Per rispondere a questa domanda, le attività di ricerca in campo energetico dovrebbero assumere un taglio multidisciplinare ed essere rivolte all’individuazione e quantificazione dei costi di esternalità, alla quantificazione fisica dei danni ambientali (con il limite che essa sia praticabile solo ai rispettivi limiti inferiori), alla successiva quantificazione monetaria (fermo restando la difficoltà di stima dei beni intangibili, quali ad esempio il problema di definire il valore della vita umana o della conservazione di un ecosistema) e, infine, alla internazione di questi costi, che è strettamente collegata alle scelte di politicy degli attori istituzionali pubblici, che ne definiscono il riflesso sociale.

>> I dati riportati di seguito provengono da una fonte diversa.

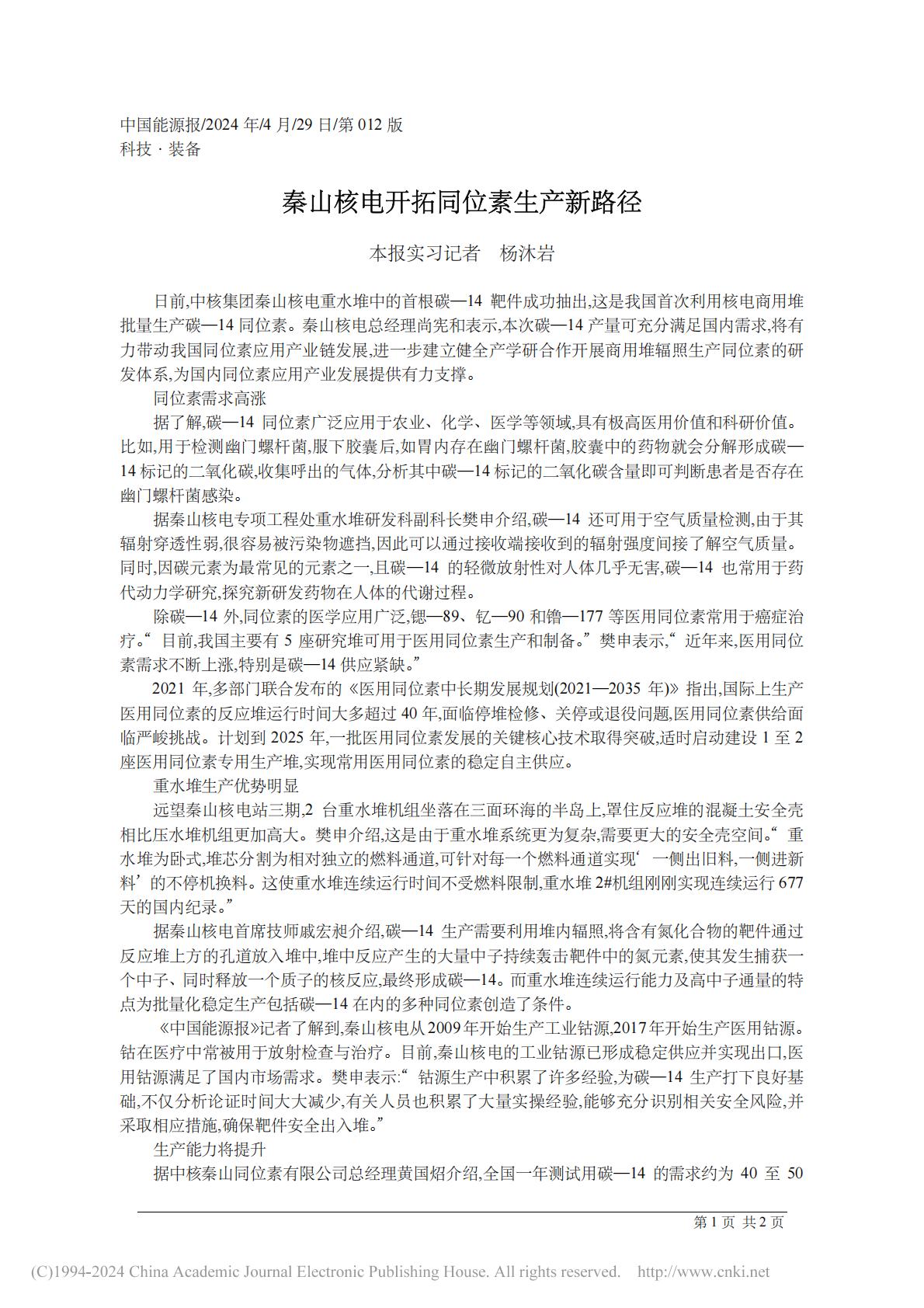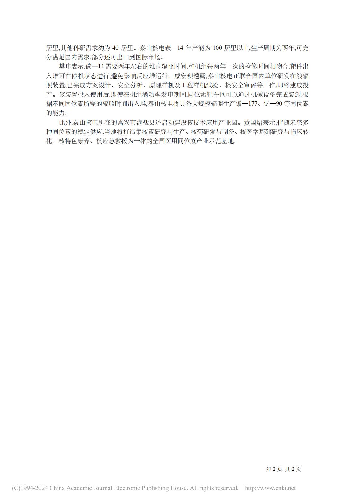 秦山核电开拓同位素生产新路径

In merito a queste tematiche, già nel 2003, la Commissione Europea aveva dato incarico di produrre studi e attività di ricerca, rivolte alla definizione di modelli per la valutazione dei costi di esternalità dell’energia.

I risultati evidenziavano che, tra tutte le fonti di produzione di energia, quelle tradizionali avevano costi di esternalità superiori, rispetto alle altre fonti di produzione energetiche, in tutti i paesi europei analizzati.

I riferimenti metodologici, per definire una strategia efficace di uscita dall’era del petrolio non mancano. Uno di questi è il progetto ExternE, nato nel 1991, dalla collaborazione tra la Commissione Europea e il Department of Energy degli Stati Uniti, allo scopo di proporre il primo approccio sistematico per la valutazione monetaria dei costi esterni di una vasta gamma di cicli di produzione di energia elettrica.

Purtroppo, a venti anni di distanza dalla nascita di ExternE, ancora si calcolano i costi dell’energia senza tenere conto del costo delle esternalità con un duplice danno economico e ambientale. Il danno economico si manifesta in due forme. La prima ha a che vedere con la scelta di falsare il mercato dell’energia scaricandone parte dei costi sulla collettività e non sulla domanda. La seconda è indiretta, poiché attiene alle politiche pubbliche energetiche che sottostimando il prezzo delle fonti tradizionali non permettono il normale sviluppo del mercato delle rinnovabili, che poi sostengono attraverso sistemi di incentivazione che sono ripartiti nuovamente tra i contribuenti, secondo criteri che esulano da logiche di mercato. La variabile danno ambientale, se possibile, ha risvolti ancora più drammatici, poiché in parte prevede un aggravio di costi in spesa pubblica, almeno per la parte che i governi decidono di internalizzare, e, per la maggior parte, vengono scaricati sulle generazioni a venire che dovranno fare i conti con un ambiente manomesso e sempre più inquinato.

Il problema energetico non può essere declinato solo ed esclusivamente con la necessità di coprire il fabbisogno energetico di un paese, o mondiale, garantendo fonti di produzione che siano in grado di coprirlo. Al contrario esso dovrebbe essere affrontato cercando di eliminare quei disequilibri e quelle inefficienze di mercato che lo hanno reso un “non-mercato”, con posizioni di rendita e lontano dal raggiungimento dell’ottimo sociale.

E’ per questi motivi che gli attori pubblici dovrebbero rivedere le politiche a sostegno del settore, intervenendo con azioni correttive dei prezzi dell’energia laddove essi non corrispondano agli effettivi costi sociali legati all’utilizzo di una determinata fonte. Mentre, dall’altro lato, i ricercatori dovrebbero impegnarsi maggiormente nel comprendere le implicazioni economiche legate dettate dalla scelta delle tecniche di produzione e delle materie prime necessarie sia per la produzione, sia per la costruzione degli impianti.

Di certo, il nuovo mercato dell’energia, che non tarderà a nascere, non potrà essere configurato come un mercato “ipoteca” che le nuove generazioni si troveranno a dover pagare a fronte di scelte egoistiche e lobbistiche, così come avvenuto fino ad oggi.